Такой подход оказался спасительным. Скоро я приручил эту колеблющуюся массу, распробовал всю прелесть этого студенистого нагромождения. Где-то там, за холмами, я представил красную расселину и решился отправиться на ее поиски. Кожа Лорен, мягкая на груди, в других местах, где ей приходилось тереться об иные поверхности, имела консистенцию папье-маше. Недаром ночной столик и все полки были заставлены бесчисленными пузырьками с тальком и кремом, с помощью которых борются с опрелостями у грудных детей. Женщина-гора добросовестно сотрудничала со мной, указывая путь, направляя мои пальцы. Нарастающее пыхтение кузнечных мехов сопровождало мое приближение к Святому Граалю среди разведенных чудовищных столбов – ее ножищ.
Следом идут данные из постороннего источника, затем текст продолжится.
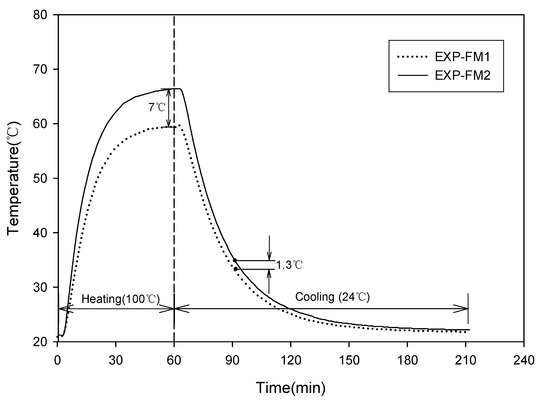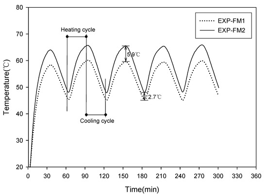 Figure 12 shows the results of the test in which the heating and cooling periods were repeated at 30 min intervals. The maximum temperatures during the heating period were approximately 59 °C for EXP-FM1 and 65 °C for EXP-FM2, resulting in a difference of approximately 6 °C. Contrarily, the minimum temperatures during the cooling period were approximately 45 °C for EXP- FM1 and 48 °C for EXP-FM2, resulting in a difference of approximately 3 °C. As the test was repeated, the maximum and minimum temperatures exhibited similar values.
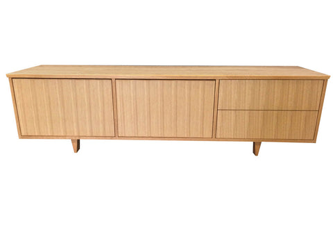 Design by Steve Miller for designhouse. Made in BC. The Focus is an entertainment cabinet with many customizable options. Each section can be specified to have drawers, self storing door or can be left open. Glass or wooden shelves may be specified if required. All doors and drawers have "push to open" hardware.
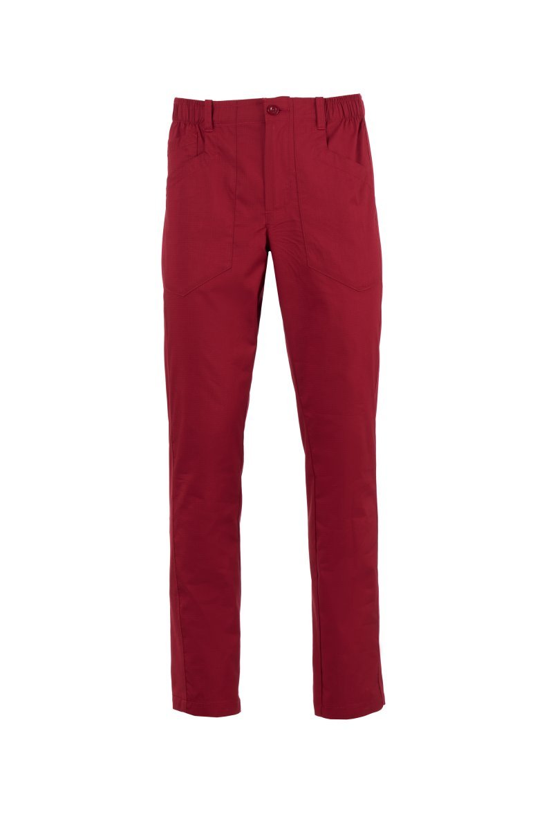 Calças multifuncionais para homem em ripstop de algodão e Lycra® T400®, com excelentes propriedades elásticas e respiráveis, com inserções laterais em tecido de malha confortável ao longo de todo o comprimento da perna exterior. Fecho de correr e botão, presilhas para cinto na cintura, faixa de transpiração elástica no interior da cintura. A frente tem dois bolsos moldados e um bolso para moedas. Na parte de trás, um bolso moldado. Fitas de reforço à cor.
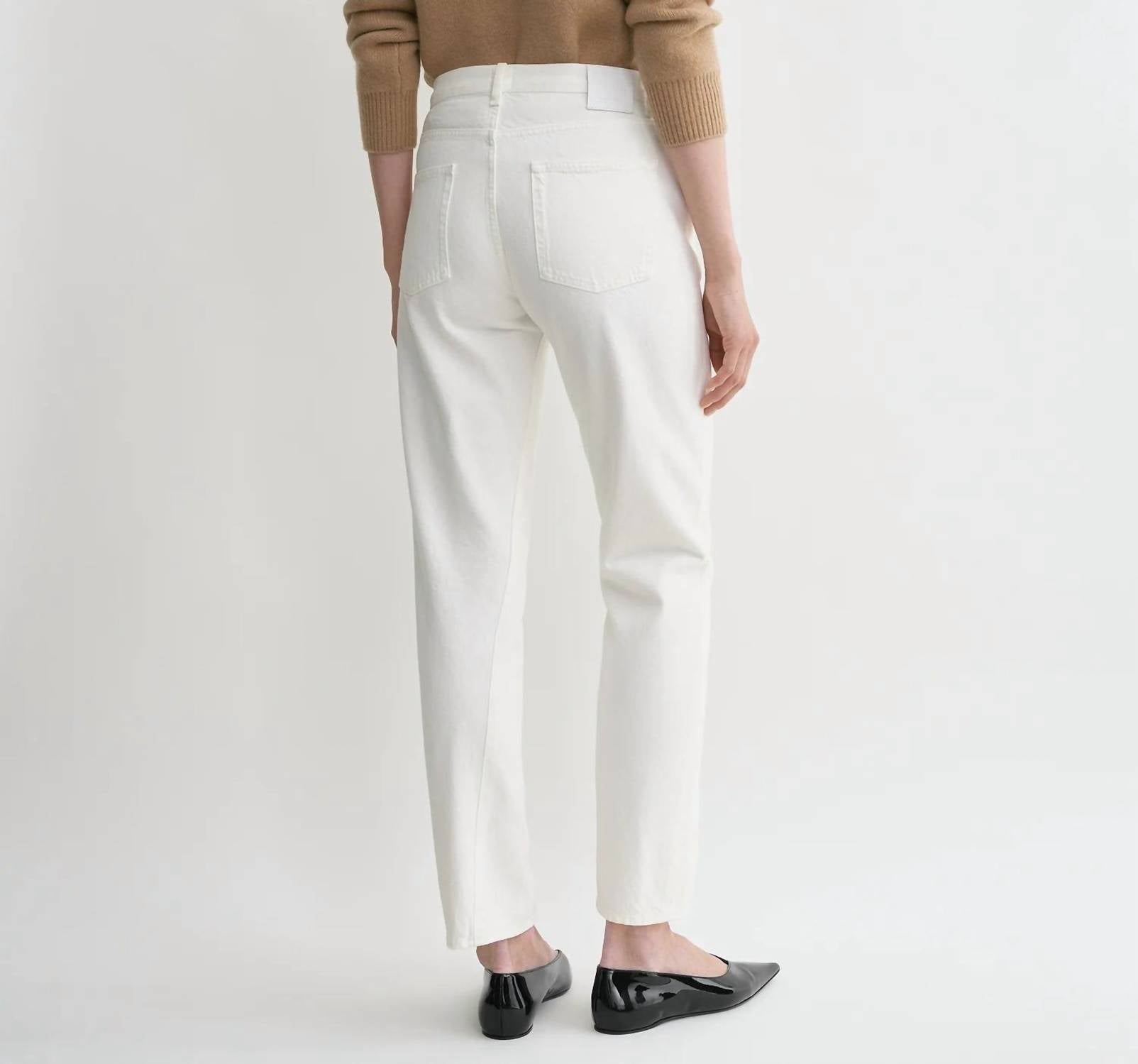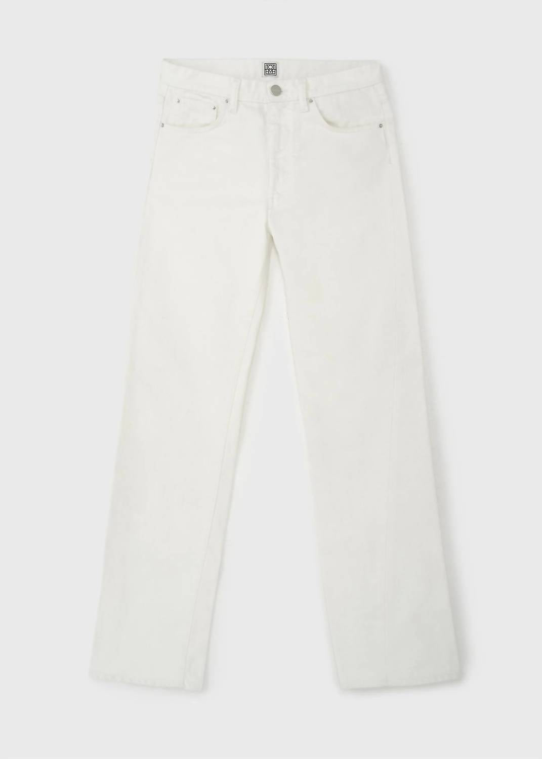 These must-have jeans are fit to perfection. Discover the Off-White Twisted Seam Denim Jeans by TOTEME, an exceptional piece crafted in Italy from 100% organic cotton for an eco-conscious choice. Featuring a high-rise and regular fit, these jeans are styled with twisted side seams that lead to slightly tapered, cropped straight legs. The design includes classic five-pocket styling with a zipper fly and monogram leather patch for added elegance. For care, machine wash at 30°C and tumble dry.

С трудом оторвав одну ляжку от другой, я увидел, наконец, скудный островок растительности, странно смотревшийся в этой сальной тундре. Но дотянуться до него было невозможно, со всех сторон на меня накатывались волны жира, грозя затоплением. Я бултыхался в этой женщине, как в океане, меня уносило в сторону сильными течениями, я сопротивлялся отливам, боролся с приливами. Я тонул, выныривал, снова нырял, опьяненный, побежденный этой неохватностью, из глубин которой изливались обильные воды, вызванные не то наслаждением, не то прорывом дамбы. Казалось, напором выбило затычку, и Лорен превратилась в женщину-фонтан. Я уподобился насекомому на спине у кита, которого может смыть обильной испариной.
Это было – как правильнее сказать? – и странно, и прекрасно. Неожиданно для себя я пришел в страшное возбуждение, но сугубо умственного свойства. Я тоже разделся и позволил Лорен трогать меня, гладить, брать мой мужской орган себе в рот. Ее неопытность и неуклюжесть волновали сильнее умения женщины, прошедшей огонь и воду. Оказавшаяся рядом Дора воскликнула:
– Себастьян, Лорен, вы великолепны, вы боги!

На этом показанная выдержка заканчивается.